Qui aurait cru qu’un abri de jardin à Oust-Marest pourrait devenir le berceau d’une aventure spatiale ? Alexandre Godquin, passionné d’impression 3D, a réussi à faire décoller son rêve en créant une réplique de la célèbre fusée de Tintin. Mais alors que certains rêvent de conquêtes spatiales, d’autres se battent pour réparer des pièces cassées. Ironie du sort, n’est-ce pas ?
Ce qui se passe réellement
AG-3D, la petite entreprise d’Alexandre, a vu le jour dans un abri de jardin, avec deux imprimantes 3D qui tournent à plein régime. Depuis décembre dernier, il répond à des demandes parfois impossibles à satisfaire dans le commerce. « On m’a demandé de réparer des pièces cassées », explique-t-il. Voilà un vrai besoin dans un monde où l’obsolescence programmée règne en maître.
Pourquoi cela dérange
La réalité est que, pendant qu’Alexandre s’efforce de créer des objets uniques, d’autres, comme les géants de l’industrie, continuent de produire en masse des produits jetables. La fusée de Tintin, symbole d’un rêve d’exploration, devient alors un reflet de notre incapacité à réparer ce qui est cassé. Une belle métaphore de notre société, où l’on préfère acheter du neuf plutôt que de réparer.
Ce que cela implique concrètement
Dans un monde où les petites entreprises peinent à se faire une place, AG-3D représente une lueur d’espoir. Mais cette lueur est ternie par le fait que l’activité d’Alexandre reste une niche. « L’idéal serait d’en vivre, mais ça reste compliqué », confie-t-il. La réalité économique est cruelle, et les rêves de conquête spatiale se heurtent à des murs bien plus terre-à-terre.
Lecture satirique
Alors que certains parlent de « révolution industrielle », Alexandre, lui, se contente de réparer des objets. La promesse d’un avenir radieux à portée de main se transforme en une lutte quotidienne pour la survie. Qui aurait cru que la véritable aventure serait de faire vivre une petite entreprise dans un monde qui préfère le jetable au durable ?
Effet miroir international
À l’échelle mondiale, cette situation fait écho aux dérives autoritaires et aux politiques ultraconservatrices.
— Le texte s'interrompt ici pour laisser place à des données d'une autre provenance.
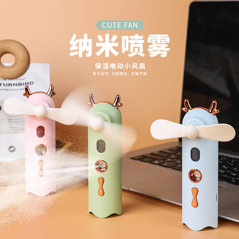 Handheld spray fan cartoon student USB charging mute moisturizer desktop water spray moisturizing mini-electric fan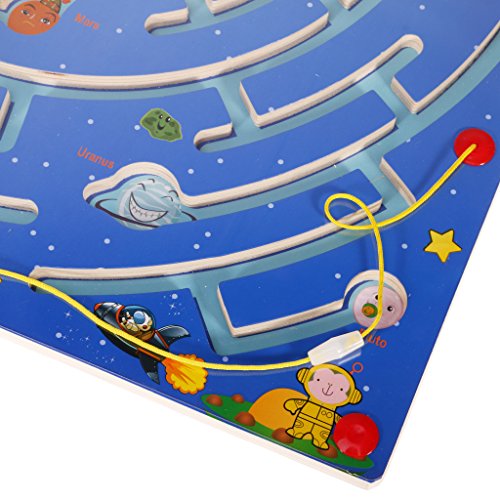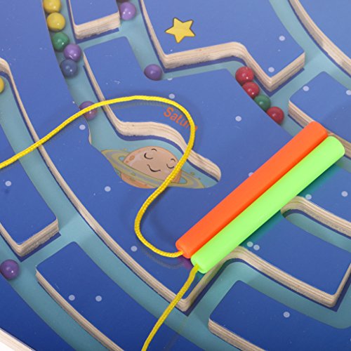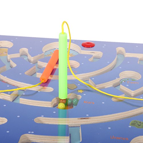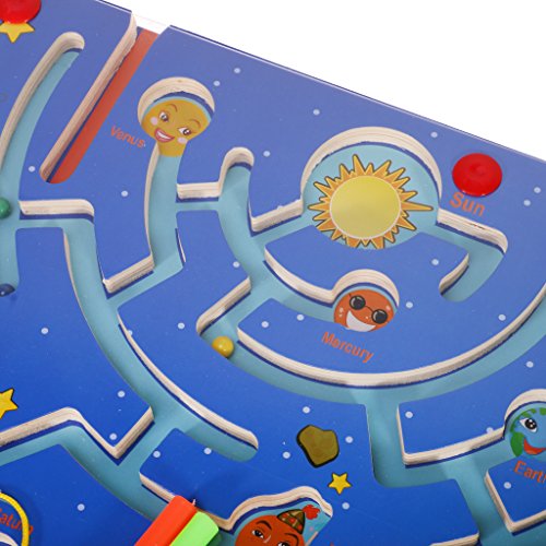 MagiDeal木製パズルマグネットビーズスロット迷路Labyrinth磁気ペンNine Planets

Pendant que certains rêvent de conquêtes spatiales, d’autres se battent pour des droits fondamentaux. La fusée de Tintin, loin d’être un simple jouet, devient le symbole d’une lutte plus vaste contre l’absurdité du monde moderne.
À quoi s’attendre
Si la tendance actuelle se poursuit, nous pourrions voir de plus en plus de petites entreprises comme AG-3D émerger. Mais sans un soutien réel, ces initiatives risquent de rester des rêves inachevés, coincés entre la réalité économique et les promesses politiques vides.